Writing Prompt #7 — Vampiric Retail

Prompt: You’re a vampire that works in retail so you know who deserves to die.

“Can you get me that one, on the top shelf?” The heavy set woman asked, from her electronic wheelchair.

“Yes, not a problem.” I replied, scaling two of the shelves to reach the top. The squeaky toy let out a shriek as I grabbed it and pulled it down, then held it to to the woman.

“Not that one. That one!” She shouted, pointing with her pudgy finger, bags of flesh hanging from her arm. I could see the bluish tint of her veins running up the fatty skin, but my annoyance overcame my desire for a drink.

“Oh, my apologies miss, hold on.” Again I climbed the shelves, shoved the toy back into its slot, then grabbed the other. As I pulled it down, I noticed it was exactly the same as the last, except it was colored pink instead of blue. Could a dog notice the difference in color? And if so, would it even care?

I held it out to her, asking, “Is this the one you would like, miss?”

Her face reddened and I could tell just from the way her brow furrowed, and her fat folds wrinkled over her forehead, I knew what I held was not what she wanted. Jesus, I thought. . . Another one of these people.

“No! That’s not the one I want, dumbass! I want that one! That one right there! Next to the blue one, the green one! Do you shits even know how to do your damn job?”

After I apologized profusely, I repeated the same act as before, then held out the green squeaky toy. And of course, this was not the one she wanted. . .

“Jesus H. Christ jackass!

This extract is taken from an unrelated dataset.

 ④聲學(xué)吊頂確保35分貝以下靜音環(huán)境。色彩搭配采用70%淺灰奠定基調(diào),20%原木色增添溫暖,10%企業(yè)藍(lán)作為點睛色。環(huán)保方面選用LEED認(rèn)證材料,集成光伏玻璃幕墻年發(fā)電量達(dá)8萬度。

Don’t you know how to do your job? Can’t you tell colors? Have you even seen something green? That toy is yellow, not green! God, how could someone like you, someone so dumb and ugly, get a job here? This place use to have standards, but not anymore! Screw it! I’m going home!” She slapped her hand down onto the knob that made the wheelchair move, then she was off.

I turned and watched her drive down the aisle, then followed her to the exit. Through the sliding glass doors, I examined her as she stopped near her van parked in the front handicap spot. The night sky beyond was starless and the only light that could be seen was the dull parking lamps periodically placed every few yards.

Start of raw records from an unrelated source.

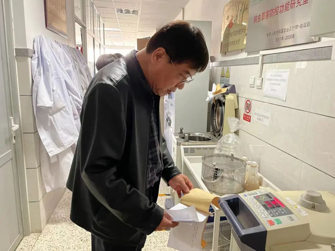 党委书记靳国斌、副院长刘杰才以及相关工作人员参加检查。本此检查共检查了实验室38间。排查出安全隐患20余项。并将检查结果通过全院教工大会的形式进行了通报。
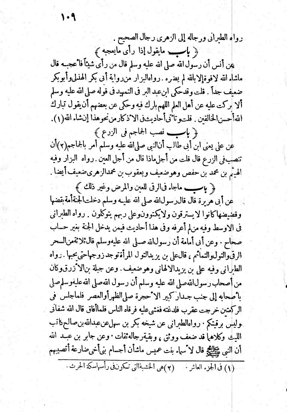 " «ثَلَاثَةٌ مِنَ السِّحْرِ: الرُّقَى، وَالتِّوَلُ، وَالتَّمَائِمُ» ".
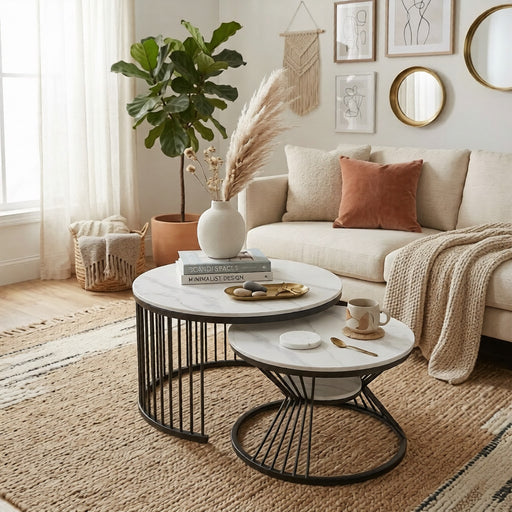 Mesa de Centro Moderna Redonda Mármol Set 2 Piezas Valencia

“Do you need any help getting into your vehicle, miss?” I asked, appearing behind her.
She jumped and jerked to see me standing nearby, my arms held behind my back. Her door was already partially open, and her sausage-like fingers gripped a metal handle attached to the exterior of the van, near the door.

“No I don’t need any damn help from the likes of you. I can do it on my own, I’m an American and a woman and I can do anything anyone else can do, especially get in my own damn car you son-of-a-bitch.”

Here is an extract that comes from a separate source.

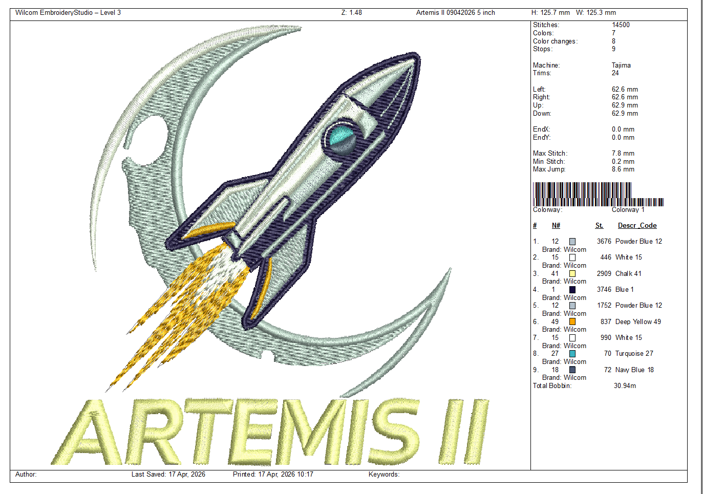 Home :: By Artist :: Valentin Melnic :: Artemis II rocket machine embroidery design

Silently I watched her struggle and use every ounce of strength to wrench herself from the wheelchair and into her front seat. Sweat stood out on every portion of her fatty flesh, and enlarged veins could be seen around her neck. I licked my lips.

She slammed the door shut, reversed out of the space, and drove away.

“Do you know that what I held was actually, indeed, green and not yellow? And did you know that I do well at my job, save for those incompetent few who spew forth stupidity in such degrees it can drive a person to kill?” I asked, appearing in the passenger seat of her van. She drove on the highway, not a single car could be seen for miles. I was thankful it was the middle of the night on a weekday.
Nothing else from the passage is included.